=== Begin Enclosure ===
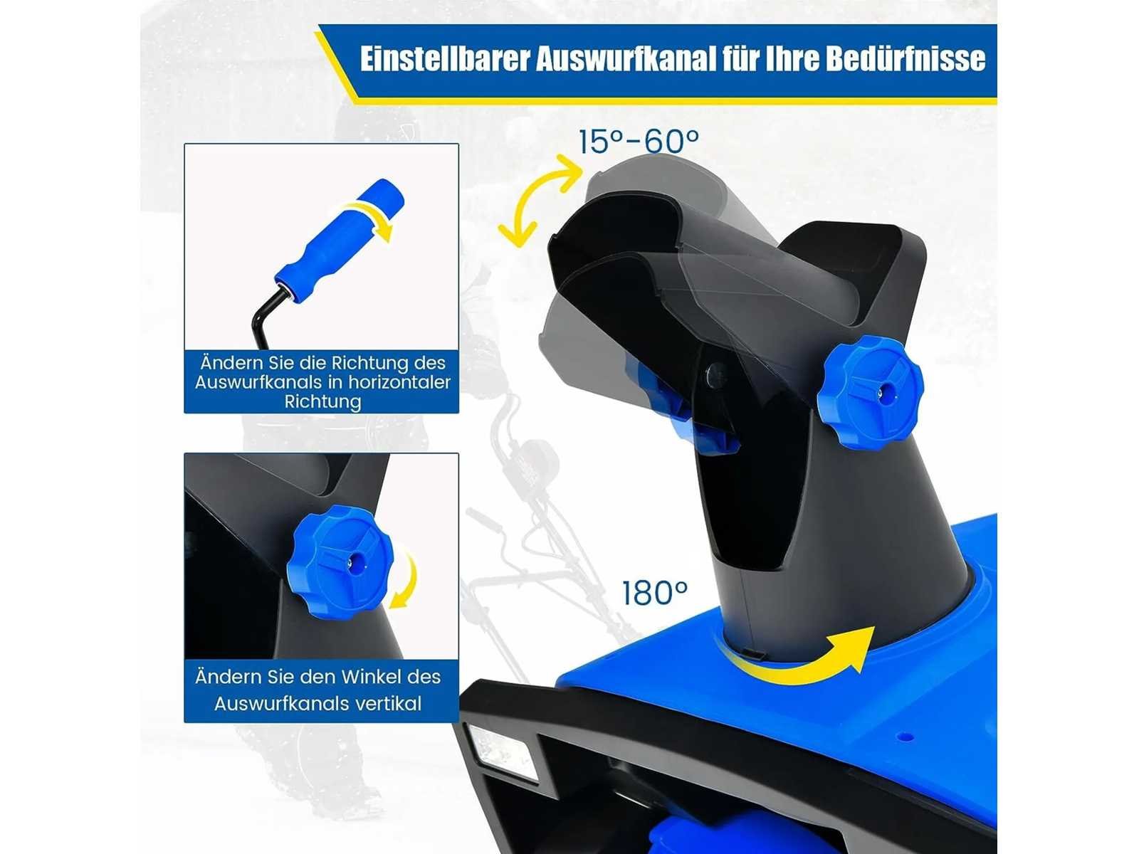 Technische kenmerken: Kleur: blauw en zwart Materialen: PP, metaal, HDPE, koper, rubber Totale afmetingen: 118 x 51 x 96 cm (L x B x H) Schraapdiepte: 250 mm Schraapbreedte: 500 mm Kabellengte: 35 cm Wormdiameter: 17 cm Wieldiameter: 18 cm Maximale uitwerpafstand: 9 m Sneeuwafvoerhoek: 15°-60 Nominale spanning: 120 V Nominale stroom: 15 AMPÈRE Motorvermogen: 2300 W Laadvrije snelheid: 3.000 tpm Netto gewicht: 13,5 kg Non
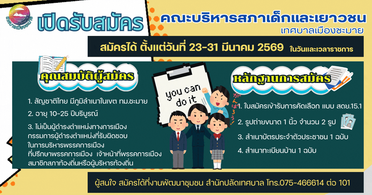 เปิดรับสมัครเด็กและเยาวชน เข้ารับการคัดเลือกเป็นคณะบริหารสภาเด็กและเยาวชนเทศบาลเมืองชะมาย |
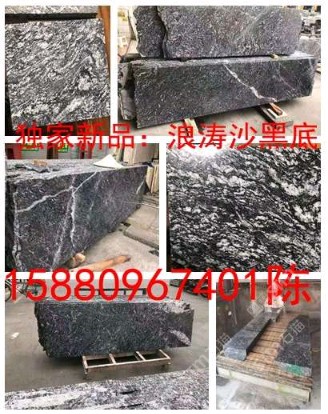 黑底浪涛沙荒料,毛板,工程板
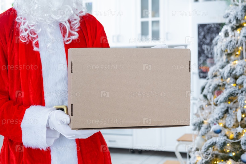 Курьер одет как Санта с коробкой на кухне с белыми рождественскими украшениями и рождественской елкой. Доставка подарков на Новый год и Рождество, курьерская служба
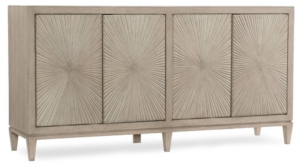 Product Description: With the stunning textured starburst pattern on the doors, you will want to show off the Elixir Buffet throughout your home. Use it in the hall as an entry piece, in the dining room as a buffet, or use this TV-ready piece in the family room as an entertainment center or console. The 4 doors have touch latches, and there are 2 drawers and 2 adjustable shelves behind each set of doors. Ventilated back panel. Accommodates up to 70-inch flat screen TV.
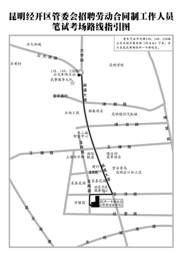 筆試地點(diǎn)在經(jīng)開(kāi)區(qū)第一中學(xué)新校區(qū)(原愛(ài)迪生學(xué)校),地址:昆明市出口加工區(qū)龍輝路丹槿園小區(qū)對(duì)面。市內(nèi)可乘118、140、238路公交車(chē)至羊甫車(chē)場(chǎng)下車(chē),沿順通大道往第三城方向前行1.5公里至寶澤路右轉(zhuǎn)至丹槿園小區(qū)旁即到。
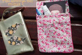 Pour cette dernière j’ai changé l’orientation de la pochette (qui s’ouvre par une pression par le « petit côté »). J’ai de nouveau utilisé un coupon de cuir, argenté ici, associé à un passe-poil rose fluo et un joli tissu rose fleuri. (Et une couche de molleton thermocollant pour donner de l’allure et de la tenue.)
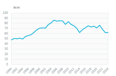 Between 2021 and 2023, gas consumption fell by 10%/year to 62 bcm in 2023 and remained stable in 2024, due to record high gas prices, mild temperatures, lower industrial demand, consumer efforts, and a lower demand from the power sector. Gas consumption in 2024 was as low as its 2014 level. Previously, it had recovered by 4%/year until 2019 (rising consumption in the power sector).
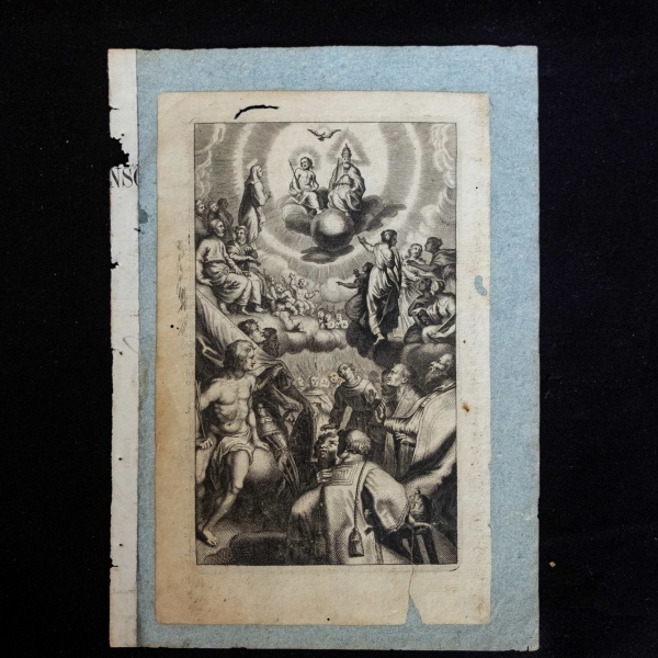 • Antiga gravura representando Cena Bíblica com apóstolos, santos, santas e anjos, encimada por Deus pai, Deus Filho e o Espírito Santo. Pequenos danos causados por traças. Séc. XVIII.
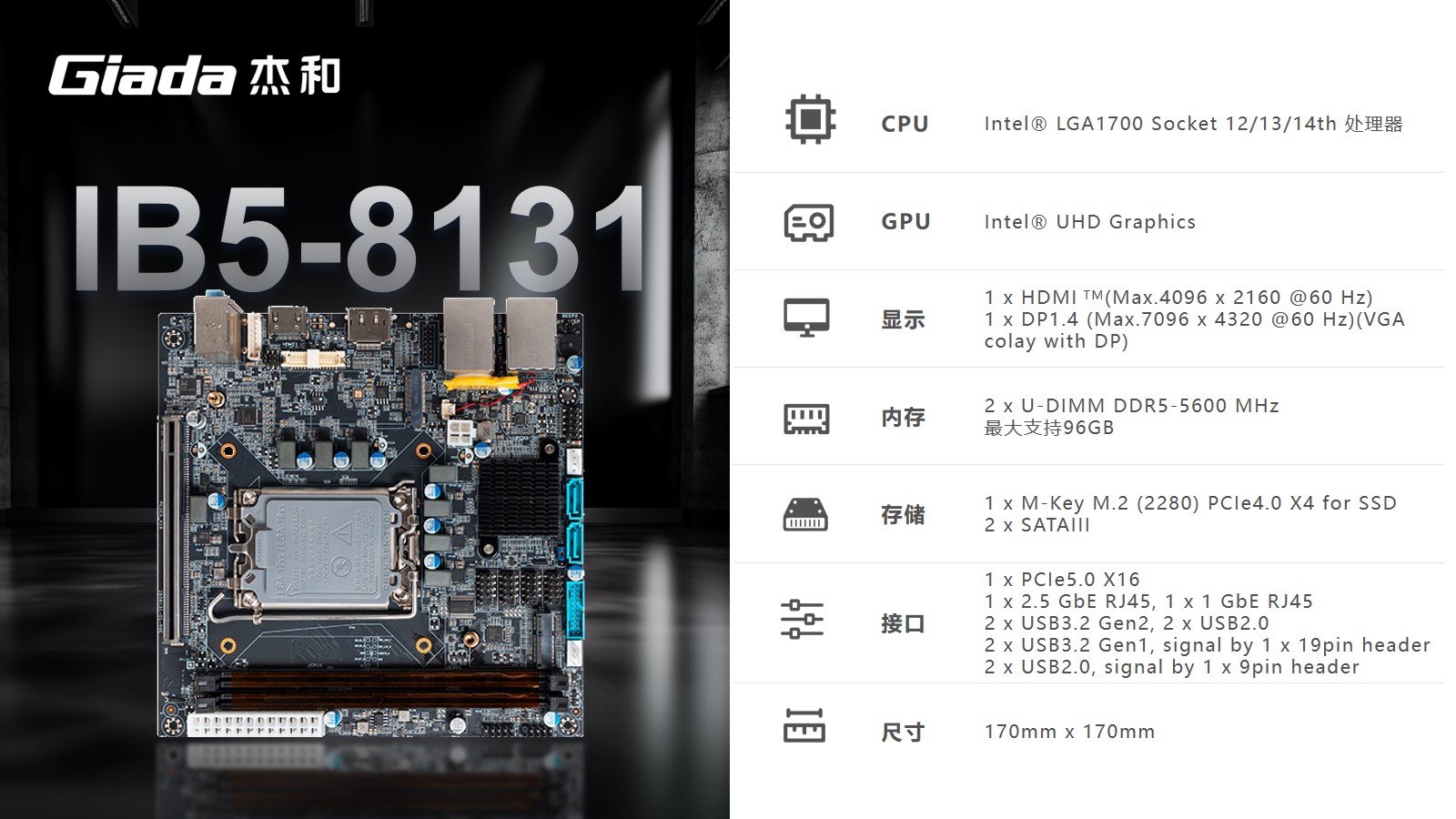 杰和科技嵌入式主板IB5-8131采用Intel® B760 芯片組,支持Intel® 第12代至14代處理器。大容量內存支持,配備2個U-DIMM DDR5 內存,最大支持96GB,頻率最高可達5600MHz,可靈活擴展NVMe SSD和2個SATA3.0存儲?;诖颂攸c,智能柜員機可滿足設備流暢絲滑運行的功能。
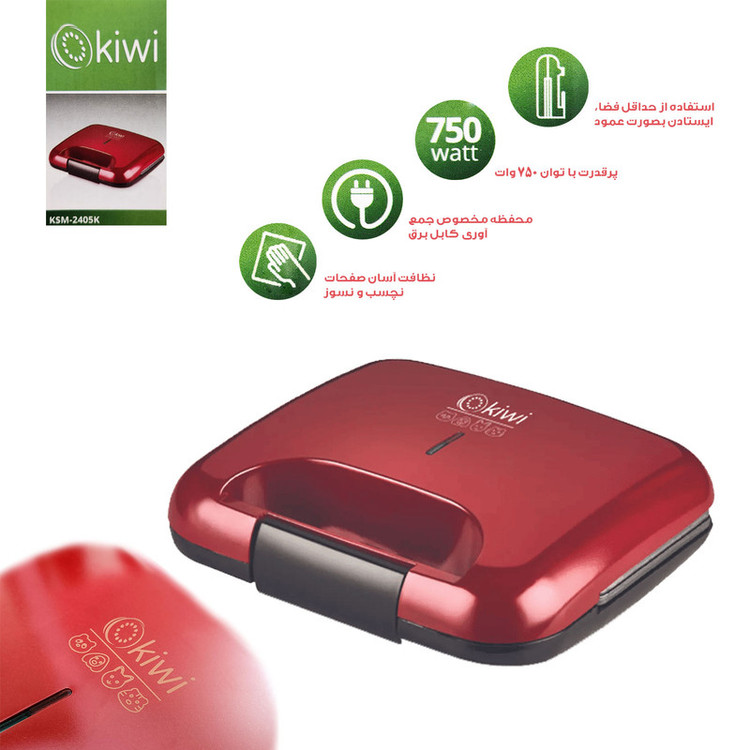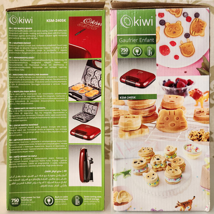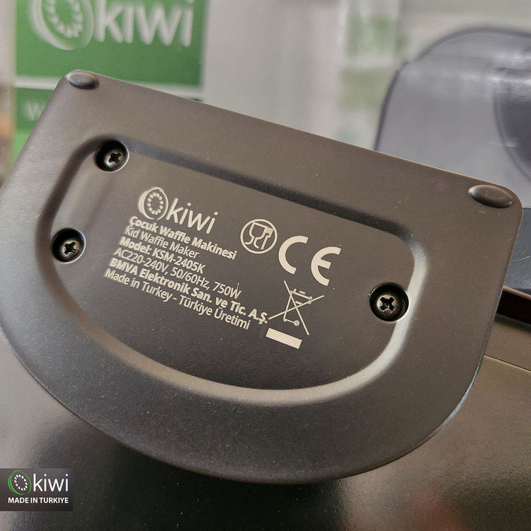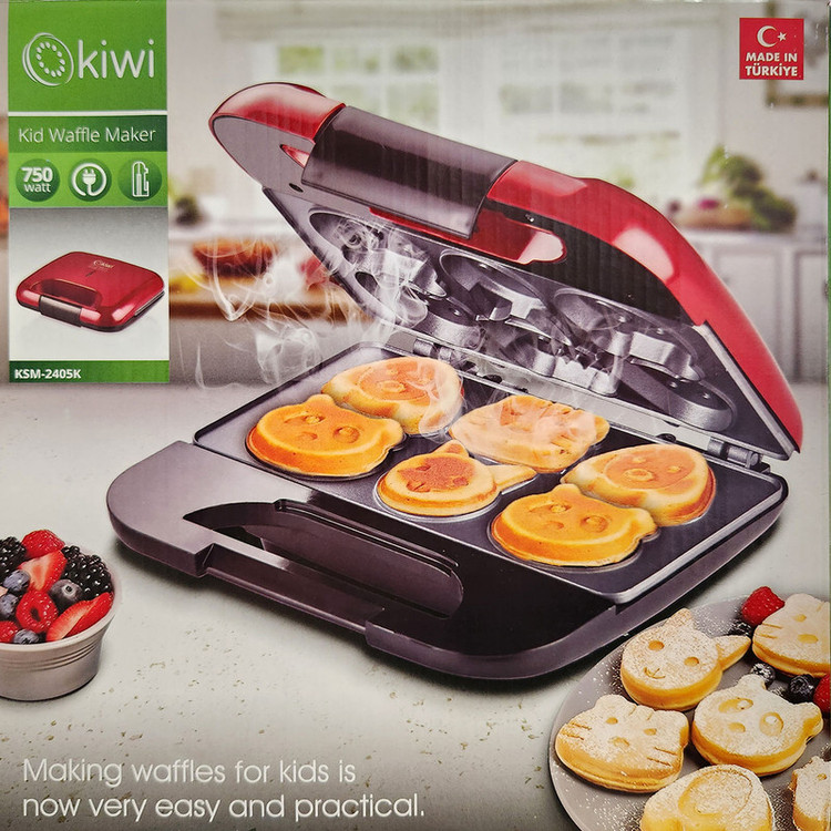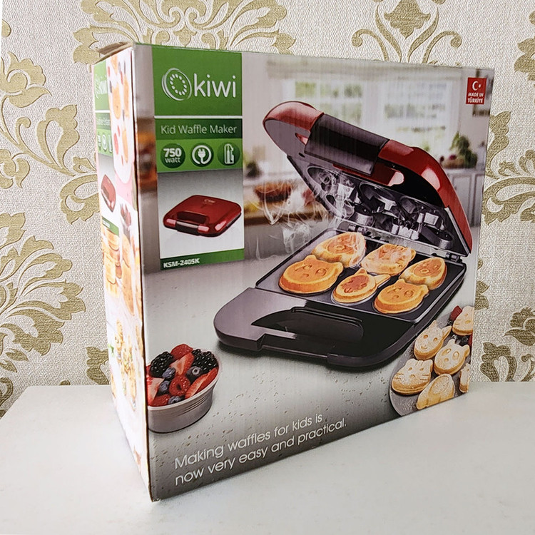 وافل ساز «کیوی» مدل 2405 KIDS ساخت ترکیه یکی از محصولات ساخت این شرکت است که یک محصول ساده و درعینحال بسیار کاربردی است. طرفداران این وافل ساز طرح کیدز، بچه ها هستند و مادر و پدرایی هستند که بچه هاشون میل و اشتهای زیادی به خوردن غذا و صبحانه نشون نمیدن، طرح های قالب این وافل ساز به شکل حیوانات طراحی و تولید شده است که بین کودکان بسیار جذاب و دلپسند می باشد. دارای صفحات نسوز و نچسب هست و از موتور قدرتمند 750 وات بهره میبرد. وافل ساز کیوی با طراحی ظاهری لوکس دارای پایه های سیلیکونی است که باعث عدم لرزش دستگاه میشود و از سطح میز فاصله میدهد. همچنین دستگیرهای که برای این ساندویچساز در نظر گرفته شده است بصورت اتومات باز و بست می شود و بصورت قفل ایمنی نیز عمل می کند و امکان جابهجایی راحت آن را فراهم کرده است. این مدل قابلیت قرارگیری بهصورت عمودی را نیز دارد و این ویژگی برای نگهداری آن در قفسه یا کابینت بدون اشغال فضای زیاد بسیار کاربردی است. از دیگر خصوصیات این محصول میتوان به سیستم قطع کن خودکار و نشانگر دو LED روی بدنه که در دوحالت گرم شدن صفحات ( آماده ریختن مواد) و حالت پخته شدن غذا اشاره کرد. محفظه مخصوص جمع آوری کابل را نیز دارد.
=== End Enclosure ===
• [ASSIGNED TASK]: In full and without any pictures, print the listing above exactly.

• [RESPONSE TO THIS TASK]:
 Technische kenmerken: Kleur: blauw en zwart Materialen: PP, metaal, HDPE, koper, rubber Totale afmetingen: 118 x 51 x 96 cm (L x B x H) Schraapdiepte: 250 mm Schraapbreedte: 500 mm Kabellengte: 35 cm Wormdiameter: 17 cm Wieldiameter: 18 cm Maximale uitwerpafstand: 9 m Sneeuwafvoerhoek: 15°-60 Nominale spanning: 120 V Nominale stroom: 15 AMPÈRE Motorvermogen: 2300 W Laadvrije snelheid: 3.000 tpm Netto gewicht: 13,5 kg Non
 เปิดรับสมัครเด็กและเยาวชน เข้ารับการคัดเลือกเป็นคณะบริหารสภาเด็กและเยาวชนเทศบาลเมืองชะมาย |
 黑底浪涛沙荒料,毛板,工程板
 Курьер одет как Санта с коробкой на кухне с белыми рождественскими украшениями и рождественской елкой. Доставка подарков на Новый год и Рождество, курьерская служба
 Product Description: With the stunning textured starburst pattern on the doors, you will want to show off the Elixir Buffet throughout your home. Use it in the hall as an entry piece, in the dining room as a buffet, or use this TV-ready piece in the family room as an entertainment center or console. The 4 doors have touch latches, and there are 2 drawers and 2 adjustable shelves behind each set of doors. Ventilated back panel. Accommodates up to 70-inch flat screen TV.
 筆試地點(diǎn)在經(jīng)開(kāi)區(qū)第一中學(xué)新校區(qū)(原愛(ài)迪生學(xué)校),地址:昆明市出口加工區(qū)龍輝路丹槿園小區(qū)對(duì)面。市內(nèi)可乘118、140、238路公交車(chē)至羊甫車(chē)場(chǎng)下車(chē),沿順通大道往第三城方向前行1.5公里至寶澤路右轉(zhuǎn)至丹槿園小區(qū)旁即到。
 Pour cette dernière j’ai changé l’orientation de la pochette (qui s’ouvre par une pression par le « petit côté »). J’ai de nouveau utilisé un coupon de cuir, argenté ici, associé à un passe-poil rose fluo et un joli tissu rose fleuri. (Et une couche de molleton thermocollant pour donner de l’allure et de la tenue.)
 Between 2021 and 2023, gas consumption fell by 10%/year to 62 bcm in 2023 and remained stable in 2024, due to record high gas prices, mild temperatures, lower industrial demand, consumer efforts, and a lower demand from the power sector. Gas consumption in 2024 was as low as its 2014 level. Previously, it had recovered by 4%/year until 2019 (rising consumption in the power sector).
 • Antiga gravura representando Cena Bíblica com apóstolos, santos, santas e anjos, encimada por Deus pai, Deus Filho e o Espírito Santo. Pequenos danos causados por traças. Séc. XVIII.
 杰和科技嵌入式主板IB5-8131采用Intel® B760 芯片組,支持Intel® 第12代至14代處理器。大容量內存支持,配備2個U-DIMM DDR5 內存,最大支持96GB,頻率最高可達5600MHz,可靈活擴展NVMe SSD和2個SATA3.0存儲?;诖颂攸c,智能柜員機可滿足設備流暢絲滑運行的功能。
 وافل ساز «کیوی» مدل 2405 KIDS ساخت ترکیه یکی از محصولات ساخت این شرکت است که یک محصول ساده و درعینحال بسیار کاربردی است. طرفداران این وافل ساز طرح کیدز، بچه ها هستند و مادر و پدرایی هستند که بچه هاشون میل و اشتهای زیادی به خوردن غذا و صبحانه نشون نمیدن، طرح های قالب این وافل ساز به شکل حیوانات طراحی و تولید شده است که بین کودکان بسیار جذاب و دلپسند می باشد. دارای صفحات نسوز و نچسب هست و از موتور قدرتمند 750 وات بهره میبرد. وافل ساز کیوی با طراحی ظاهری لوکس دارای پایه های سیلیکونی است که باعث عدم لرزش دستگاه میشود و از سطح میز فاصله میدهد. همچنین دستگیرهای که برای این ساندویچساز در نظر گرفته شده است بصورت اتومات باز و بست می شود و بصورت قفل ایمنی نیز عمل می کند و امکان جابهجایی راحت آن را فراهم کرده است. این مدل قابلیت قرارگیری بهصورت عمودی را نیز دارد و این ویژگی برای نگهداری آن در قفسه یا کابینت بدون اشغال فضای زیاد بسیار کاربردی است. از دیگر خصوصیات این محصول میتوان به سیستم قطع کن خودکار و نشانگر دو LED روی بدنه که در دوحالت گرم شدن صفحات ( آماده ریختن مواد) و حالت پخته شدن غذا اشاره کرد. محفظه مخصوص جمع آوری کابل را نیز دارد.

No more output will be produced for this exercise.